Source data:
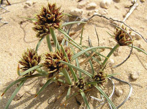 Así pues, en los lugares donde se extienden las arenas (especialmente desde los 25 metros de altitud hasta el nivel del mar) aparecen comunidades de plantas adaptadas a crecer en estos medios, esto es; especies psámofilas. Entre ellas se distinguen tres tipos. En la punta de Jandía y en la Punta de Barlovento dominan las comunidades de Uvillas de mar (Zygophyllum gaetulum) y de Matilda parda (Frankenia capitata). En el cordón de arenas del área de Cofete aparecen matorrales con especies de Lengua de Pájaro (Polycarpaea nivea), de Corazoncillos (Lotus lancerottensis) y de Juncos marinos (Cyperus capitatus). Por otra parte, en la costa oriental se identifican saladares en donde crecen Matos (Arthrocentum macrostachysum) y Uvas de mar (Zygophyllum fontanesii).
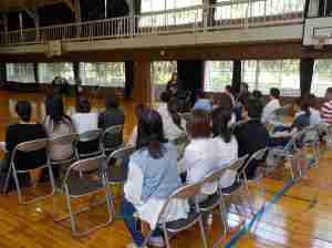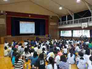 PTA人権講演会では、保護者と高学年児童が一緒に講演を聞きました。
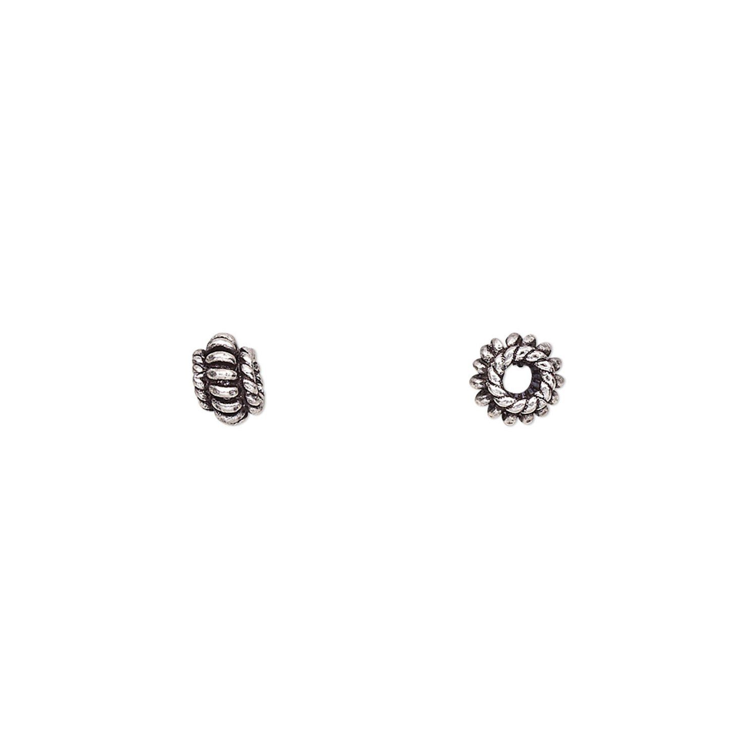 Bead, antiqued sterling silver, 5x4mm fluted rondelle. Sold per pkg of 15.
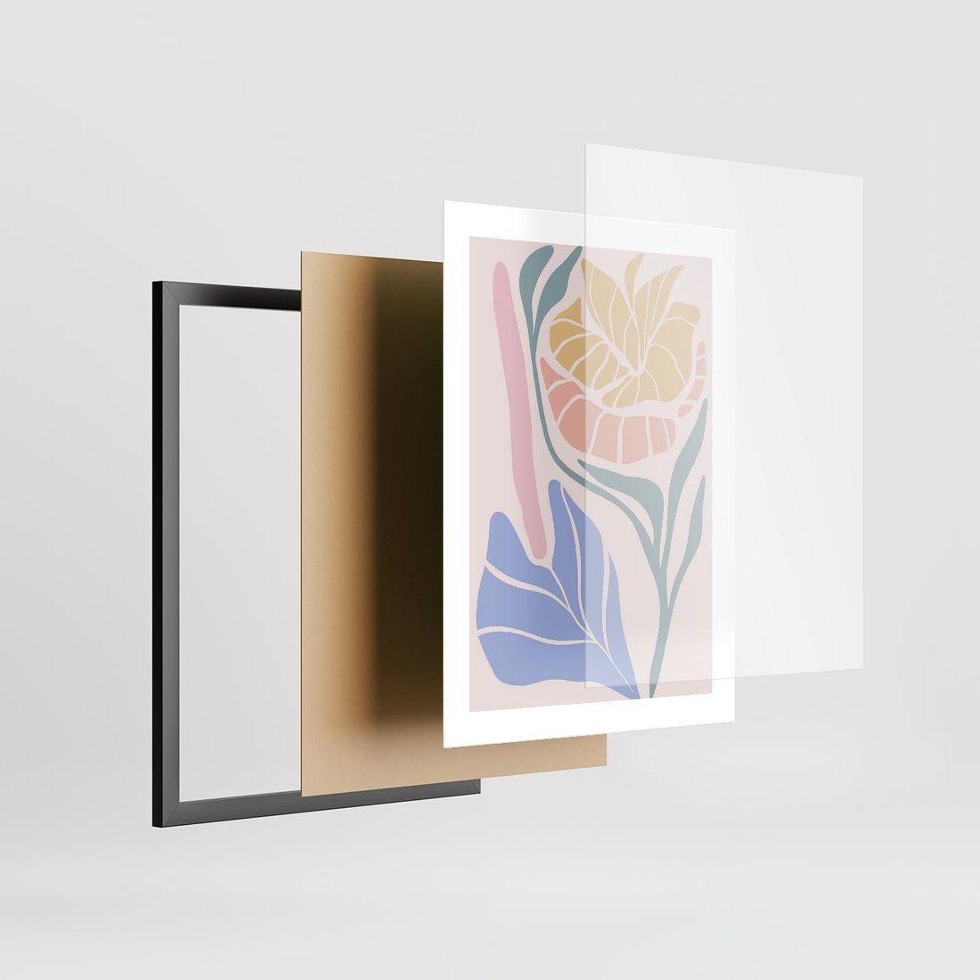 Plakat w ramie 30x40 - Wyjątkowe Ukojenie - pastelowe kwiaty, na beżowym tle - rama czarna
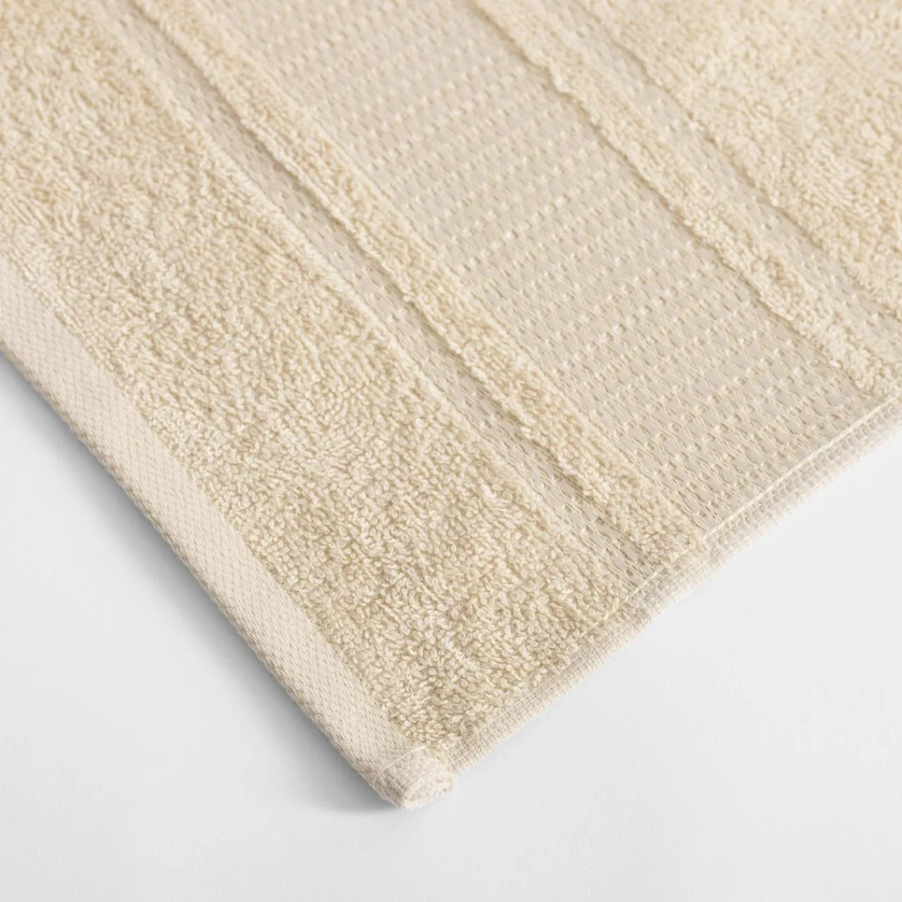 - Kremowy ręcznik będzie dobrze wyglądał na tle zielonej lub ciemnoszarej ściany.
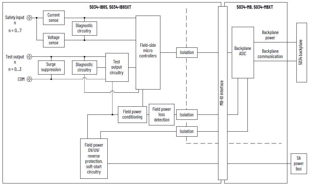 Diagrama de bloques de funciones de los módulos 5034-IB8S y
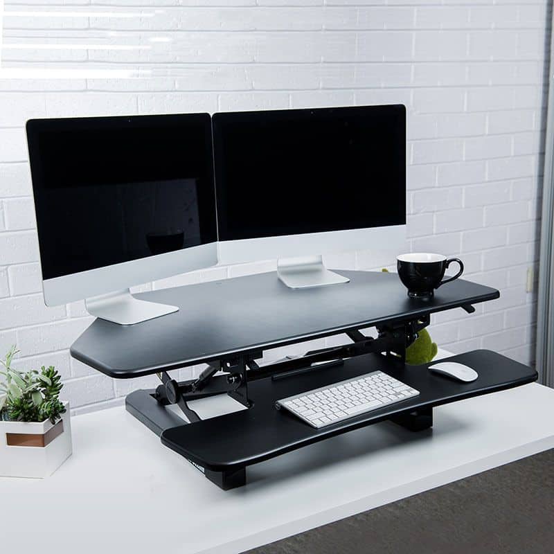 But what if you didn’t have to find a table that’s the exact height you want? You can actually make use of a standing desk converter to elevate your computers or laptops. It also makes it possible to switch between sitting and standing as you work, for a more comfortable and productive experience. If you want to know more about desk converters and risers, read our complete guide here.
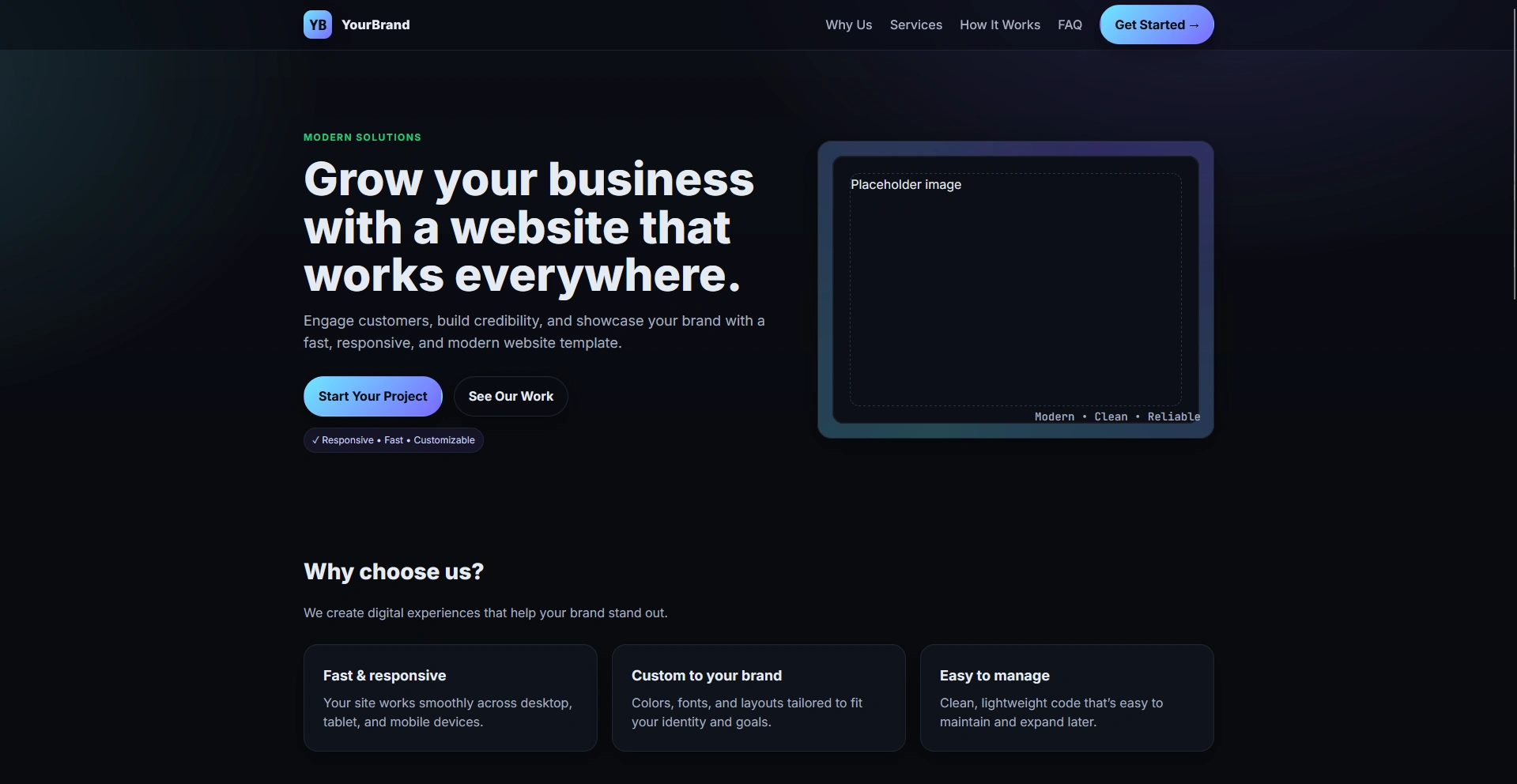 This project is a ready-to-use, multi-page front-end template built for small businesses and startups who want a professional web presence without the hassle. The template focuses on simplicity, flexibility, and a polished, responsive design that looks great across all devices.
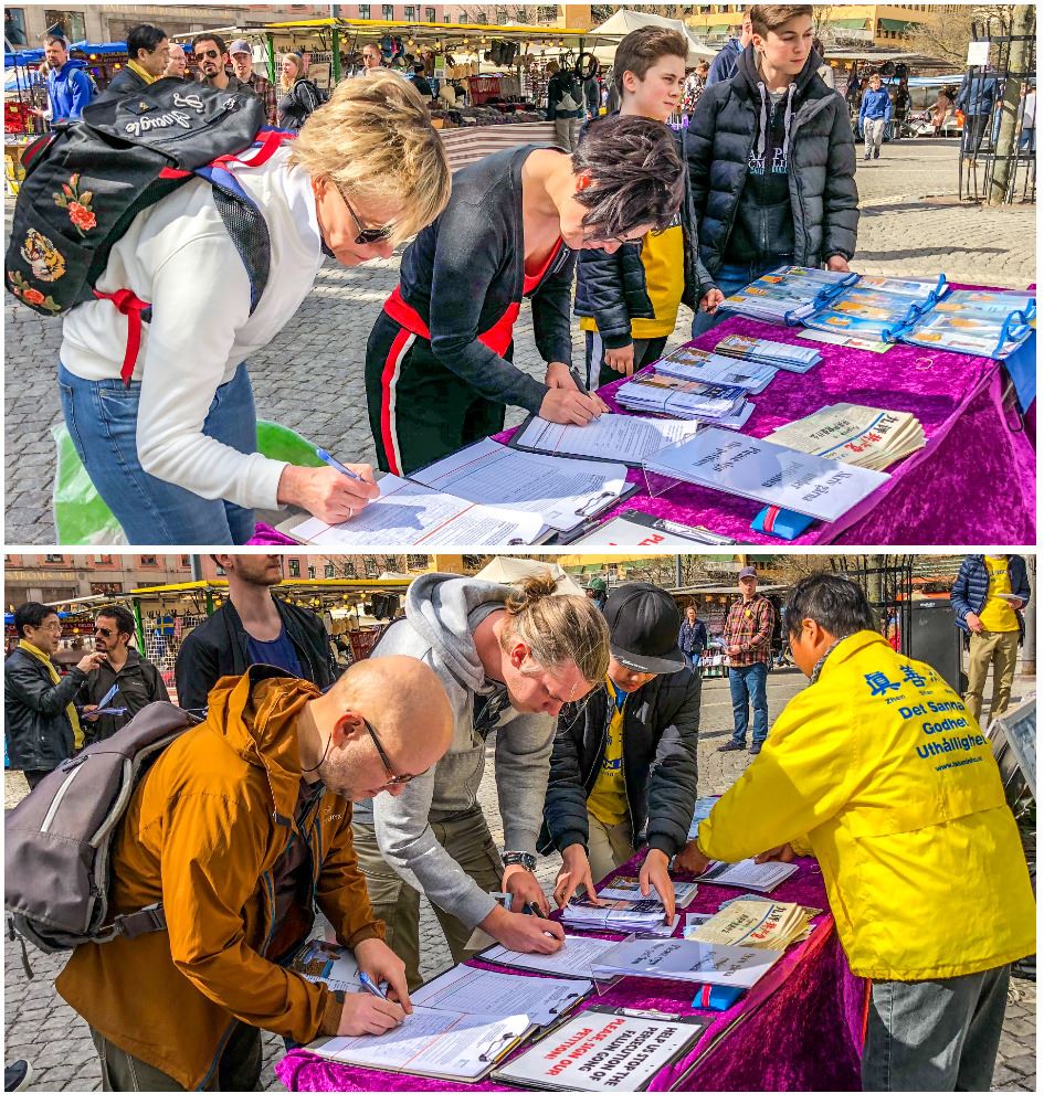 有两位瑞典中年男士一直在专注的听法轮功学员托比亚斯、温纳、杰森,他们透过扬声器用英、瑞文向来自世界各地的民众讲述四·二五经过和背景,揭露中共迫害法轮功学员以及活摘法轮功学员器官的罪恶,同时介绍三退(退党、退团、退队)大潮。两位先生听明白了真相后,主动走过来签字,表示支持法轮功学员反迫害,还对学员说:“真没想到中共这么坏啊!如果你们不把这些事(活摘器官)揭露出来,正常人简直是想象不到、不敢相信的。”

**TASK REQUIREMENTS:** Write out the records once more, exactly as they stand, with no images.

**EXERCISE SOLUTION:**
 Así pues, en los lugares donde se extienden las arenas (especialmente desde los 25 metros de altitud hasta el nivel del mar) aparecen comunidades de plantas adaptadas a crecer en estos medios, esto es; especies psámofilas. Entre ellas se distinguen tres tipos. En la punta de Jandía y en la Punta de Barlovento dominan las comunidades de Uvillas de mar (Zygophyllum gaetulum) y de Matilda parda (Frankenia capitata). En el cordón de arenas del área de Cofete aparecen matorrales con especies de Lengua de Pájaro (Polycarpaea nivea), de Corazoncillos (Lotus lancerottensis) y de Juncos marinos (Cyperus capitatus). Por otra parte, en la costa oriental se identifican saladares en donde crecen Matos (Arthrocentum macrostachysum) y Uvas de mar (Zygophyllum fontanesii).
 PTA人権講演会では、保護者と高学年児童が一緒に講演を聞きました。
 Bead, antiqued sterling silver, 5x4mm fluted rondelle. Sold per pkg of 15.
 Plakat w ramie 30x40 - Wyjątkowe Ukojenie - pastelowe kwiaty, na beżowym tle - rama czarna
 - Kremowy ręcznik będzie dobrze wyglądał na tle zielonej lub ciemnoszarej ściany.
 Diagrama de bloques de funciones de los módulos 5034-IB8S y
 But what if you didn’t have to find a table that’s the exact height you want? You can actually make use of a standing desk converter to elevate your computers or laptops. It also makes it possible to switch between sitting and standing as you work, for a more comfortable and productive experience. If you want to know more about desk converters and risers, read our complete guide here.
 This project is a ready-to-use, multi-page front-end template built for small businesses and startups who want a professional web presence without the hassle. The template focuses on simplicity, flexibility, and a polished, responsive design that looks great across all devices.
 有两位瑞典中年男士一直在专注的听法轮功学员托比亚斯、温纳、杰森,他们透过扬声器用英、瑞文向来自世界各地的民众讲述四·二五经过和背景,揭露中共迫害法轮功学员以及活摘法轮功学员器官的罪恶,同时介绍三退(退党、退团、退队)大潮。两位先生听明白了真相后,主动走过来签字,表示支持法轮功学员反迫害,还对学员说:“真没想到中共这么坏啊!如果你们不把这些事(活摘器官)揭露出来,正常人简直是想象不到、不敢相信的。”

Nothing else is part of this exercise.